▶ _INFORMATION SHOWN_:
= Beginning of Section =
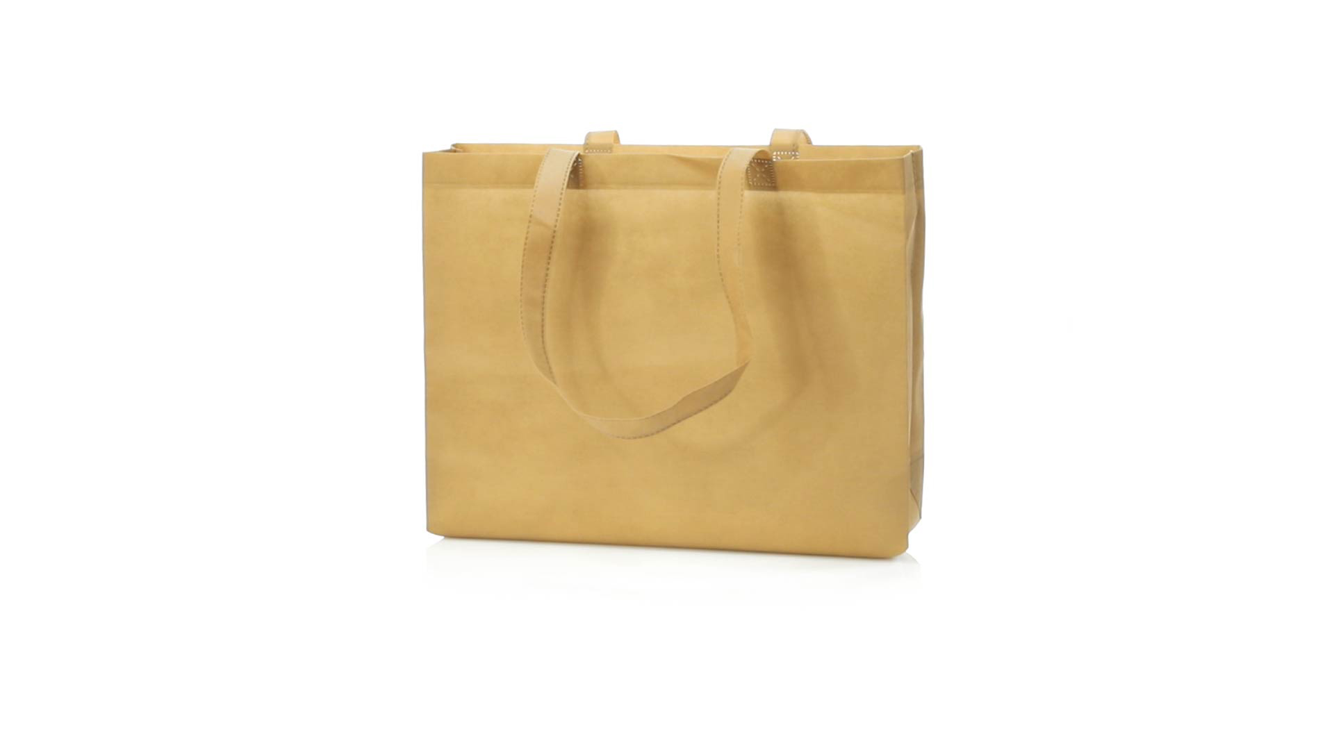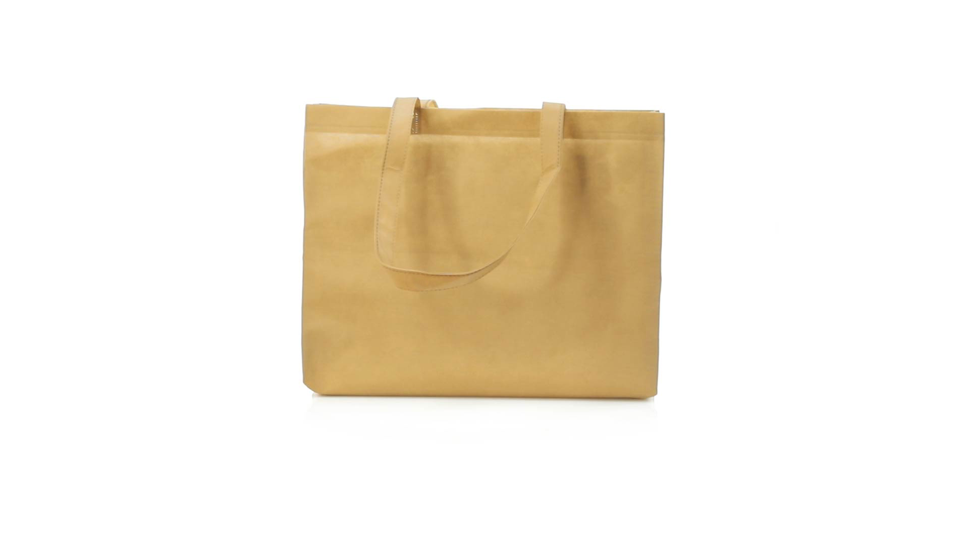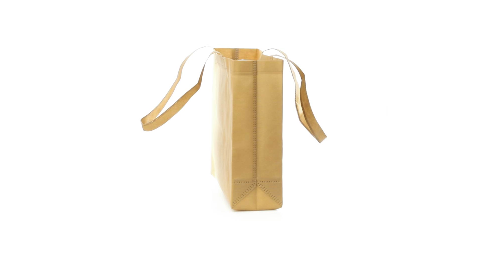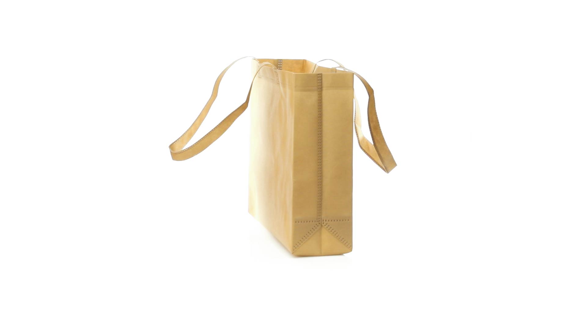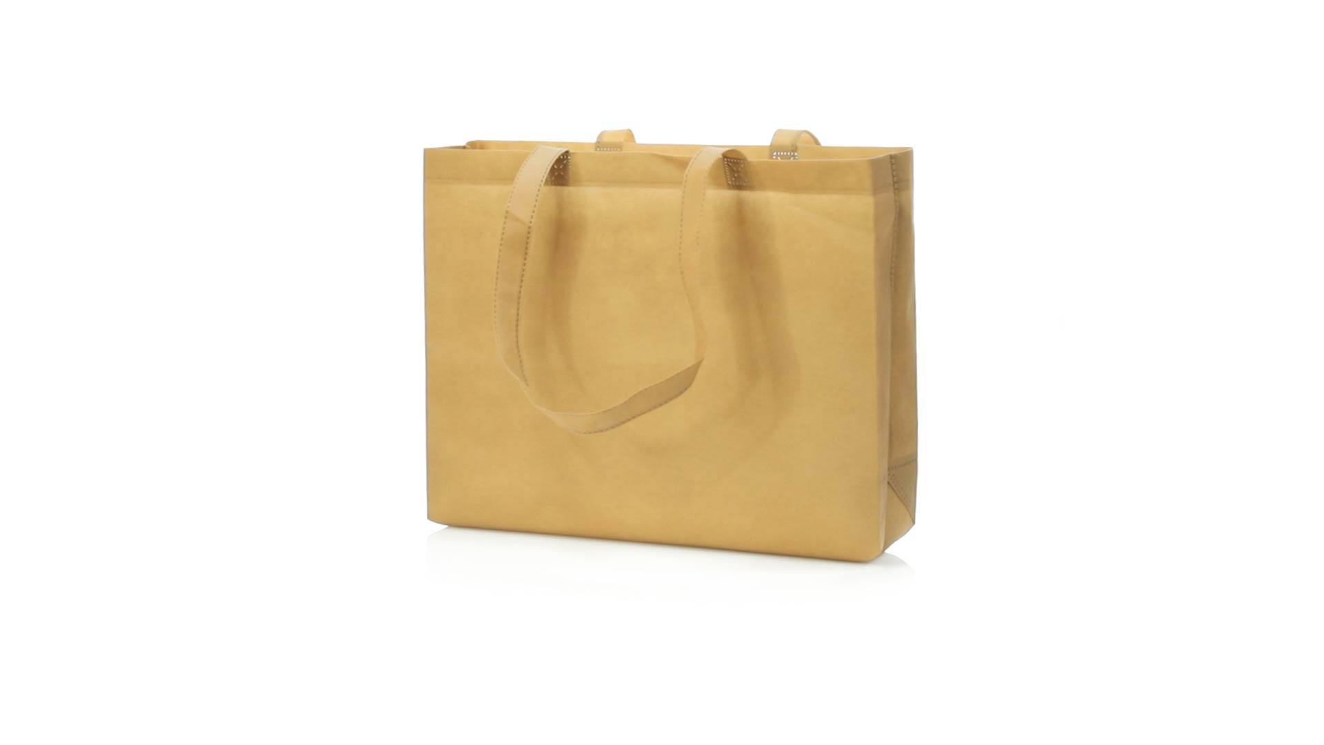 Wiederverwendbare Tasche Natur inspiriert in 80g/m2 Vliesmaterial. Grösse 42x30+11 cm, mit genähter Verarbeitung und verstärkten, 70 cm langen Henkeln. Widerstandsfähig bis zu 8 kg Gewicht.
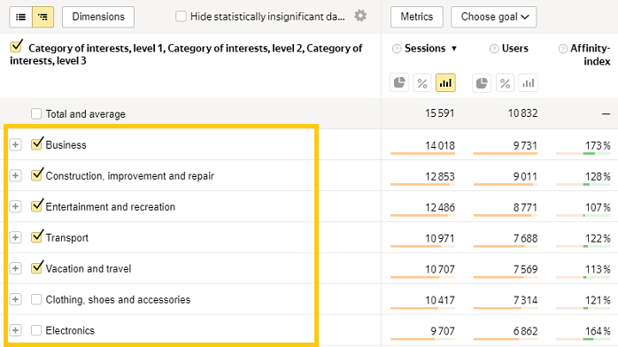 By comparing the affinity index to other indicators in the report (sessions, bounces, and conversion rate), you can determine the preferences of users who have the highest conversion rate.
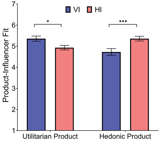 A repeated-measures ANOVA revealed no significant main effects of influencer type, F (1, 104) = 1.93, p = 0.168, or product type, F (1, 104) = 0.26, p = 0.612. However, a significant interaction effect was found between influencer type and product type, F (1, 104) = 34.63, p < 0.001, = 0.25. For utilitarian products, participants perceived VIs (M = 5.40, SD = 0.90) as a significantly better fit compared to HIs (M = 4.79, SD = 1.26, p = 0.005). Conversely, for hedonic products, participants perceived HIs (M = 5.59, SD = 1.02) as a better fit than VIs (M = 4.45, SD = 1.59, p < 0.001).
= End of Section =
▶ _WHAT TO WORK ON_: Send back every line of the listing exactly. Omit the images.

▶ _TASK ANSWER_:
 Wiederverwendbare Tasche Natur inspiriert in 80g/m2 Vliesmaterial. Grösse 42x30+11 cm, mit genähter Verarbeitung und verstärkten, 70 cm langen Henkeln. Widerstandsfähig bis zu 8 kg Gewicht.
 By comparing the affinity index to other indicators in the report (sessions, bounces, and conversion rate), you can determine the preferences of users who have the highest conversion rate.
 A repeated-measures ANOVA revealed no significant main effects of influencer type, F (1, 104) = 1.93, p = 0.168, or product type, F (1, 104) = 0.26, p = 0.612. However, a significant interaction effect was found between influencer type and product type, F (1, 104) = 34.63, p < 0.001, = 0.25. For utilitarian products, participants perceived VIs (M = 5.40, SD = 0.90) as a significantly better fit compared to HIs (M = 4.79, SD = 1.26, p = 0.005). Conversely, for hedonic products, participants perceived HIs (M = 5.59, SD = 1.02) as a better fit than VIs (M = 4.45, SD = 1.59, p < 0.001).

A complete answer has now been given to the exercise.